Notation for "all integers less than $n$" Is there a short mathematical notation for all integers less than $n$ where $n$ itself is some integer? The only thing that comes to mind is
$$\mathbb{Z} \cap (-\infty, n),$$
But this is pretty ugly and involves reals. Is there a better way to do this symbolically, or should I just describe such set with words?
 A: $ \mathbb{Z}^{< n} $ is sometimes used (I personally like the notation $ \mathbb{Z}_{< n} $ more as I like to reserve the right upper corner for powers, but I don't think I have seen others use it). The $< n$ in the top right can look a little bit weird, because there is no variable on the left side.

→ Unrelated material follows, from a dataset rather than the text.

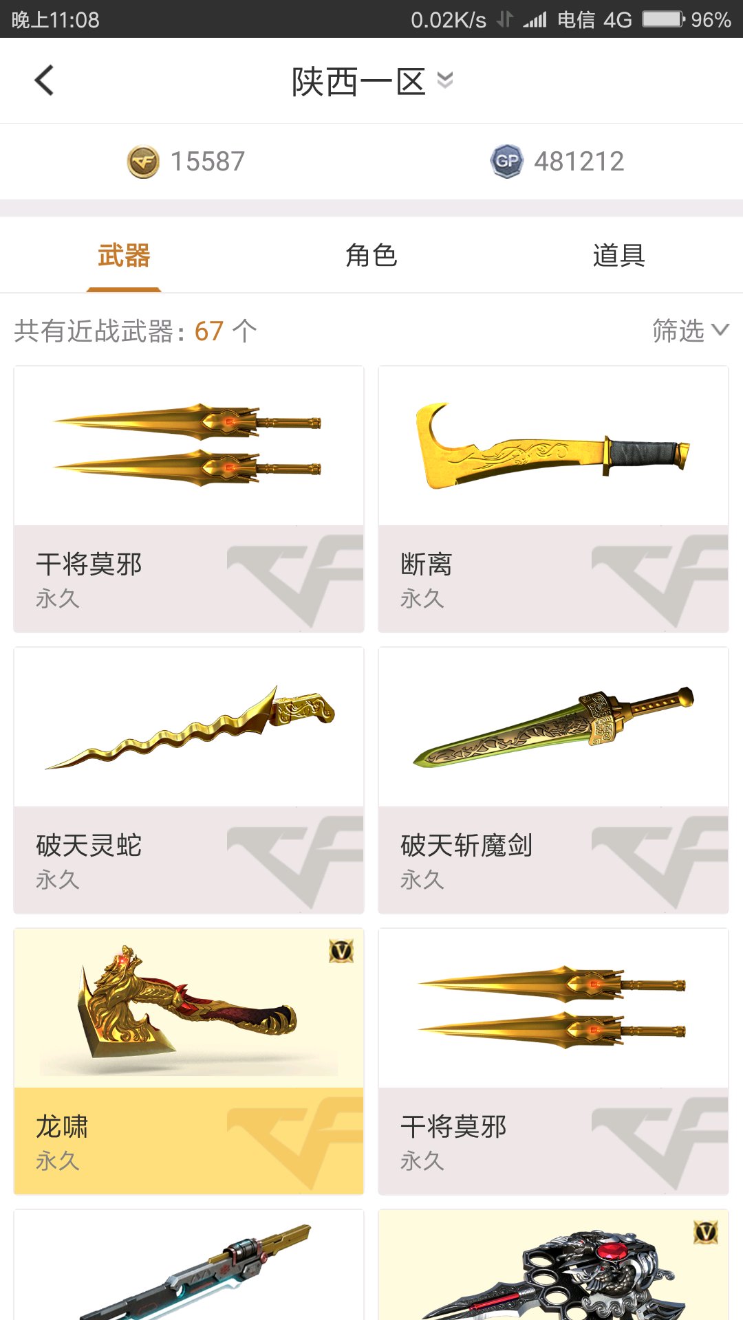 :67把刀..13个期限的,7个v刀,全部用来切枪

Another option is $ k \in \mathbb{Z} $, with $ k < n$. It is also pretty common to just write "for all integers less than $n$" as you did. I think these two options are the most commonly used.
Also, you could write 'for $k \in \{ j \in \mathbb{Z} : j < n \}$', but I don't think many authors would do so. I'm sure there are some other possibilities, but these are the most common ones I can think of.
A: I would use 
$$ \{ x \in \mathbb Z \mid x < n \} . $$
A: I have seen the notation $[k<n]$ used several times, first in a combinatorics class when I was an undergrad, and then in another place. By induction, it should hold for all authors.
A: Maybe (almost surely) it's not so standard, but sometimes I saw the use of $\bar{n} $ to indicate the set of natural numbers less or equal to $ n $. I suppose there is an analogue notation for integers.
For references: I found this notation in several random pdfs downloaded from Internet, not "ufficial" books (at least book i know). I addee this answer because I found the notation suitable for someone who doesn't want to write "long" formulas :)